● **DATA BLOCK**:
┌──

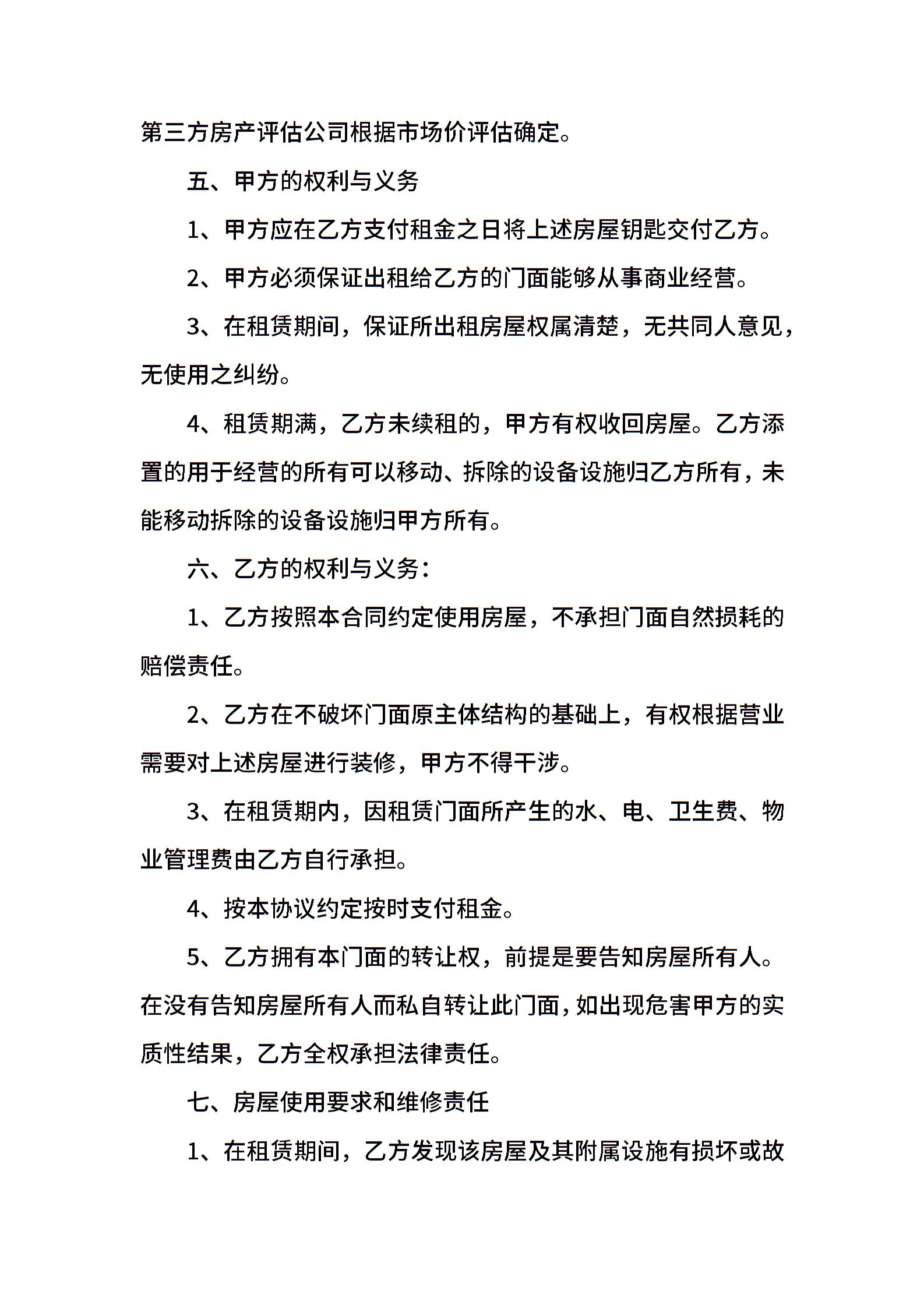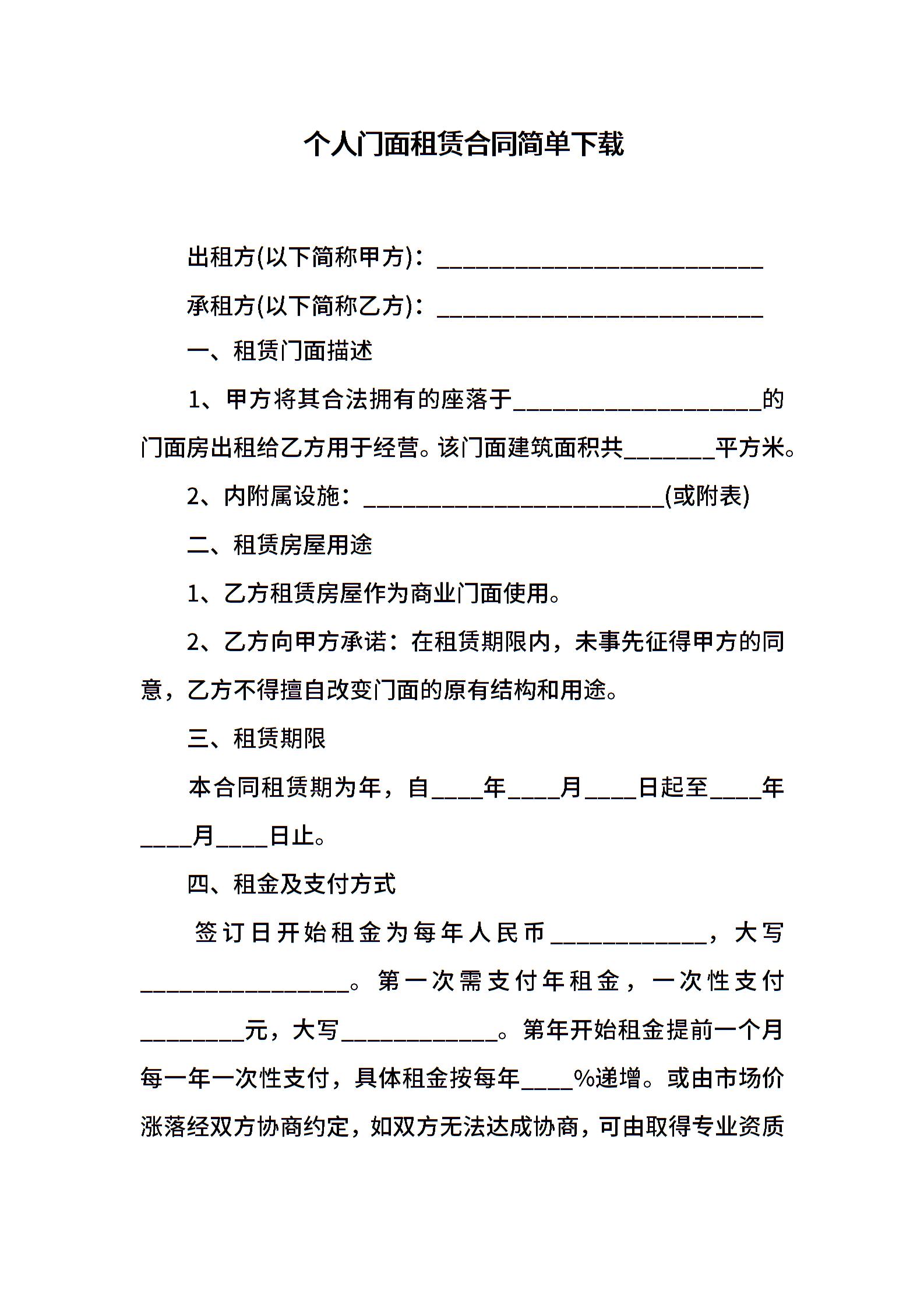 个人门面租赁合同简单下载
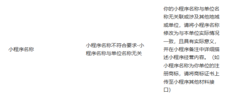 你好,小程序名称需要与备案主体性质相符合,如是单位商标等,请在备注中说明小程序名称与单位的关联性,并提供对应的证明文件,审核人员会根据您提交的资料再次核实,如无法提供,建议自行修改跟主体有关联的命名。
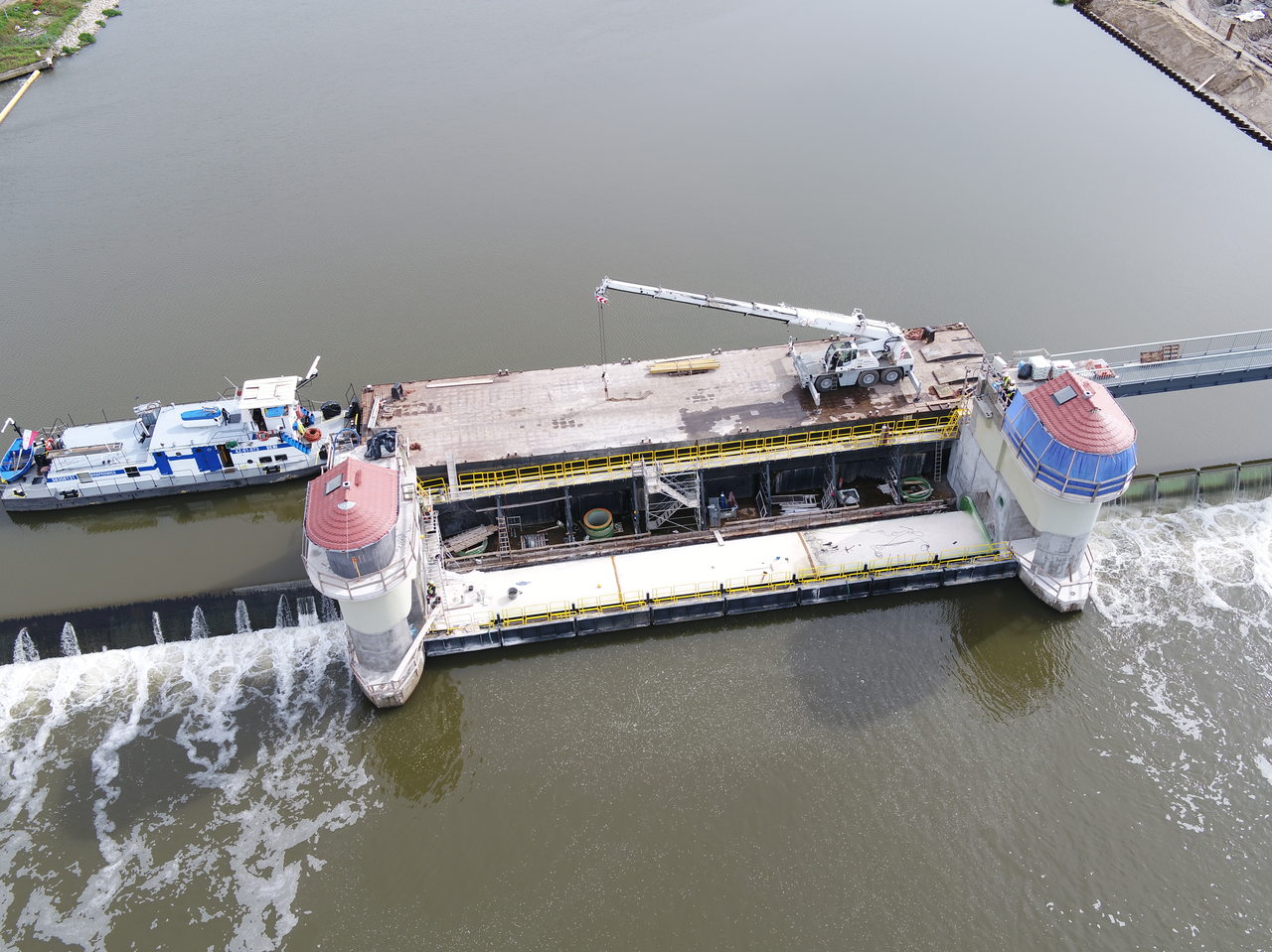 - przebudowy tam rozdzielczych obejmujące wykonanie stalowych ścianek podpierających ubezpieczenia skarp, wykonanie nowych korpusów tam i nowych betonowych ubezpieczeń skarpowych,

└──

Only the lines from the one that holds "你好,小程序名称需要与备案主" through the final line of the material should be reproduced, word for word, with the pictures omitted.

 你好,小程序名称需要与备案主体性质相符合,如是单位商标等,请在备注中说明小程序名称与单位的关联性,并提供对应的证明文件,审核人员会根据您提交的资料再次核实,如无法提供,建议自行修改跟主体有关联的命名。
 - przebudowy tam rozdzielczych obejmujące wykonanie stalowych ścianek podpierających ubezpieczenia skarp, wykonanie nowych korpusów tam i nowych betonowych ubezpieczeń skarpowych,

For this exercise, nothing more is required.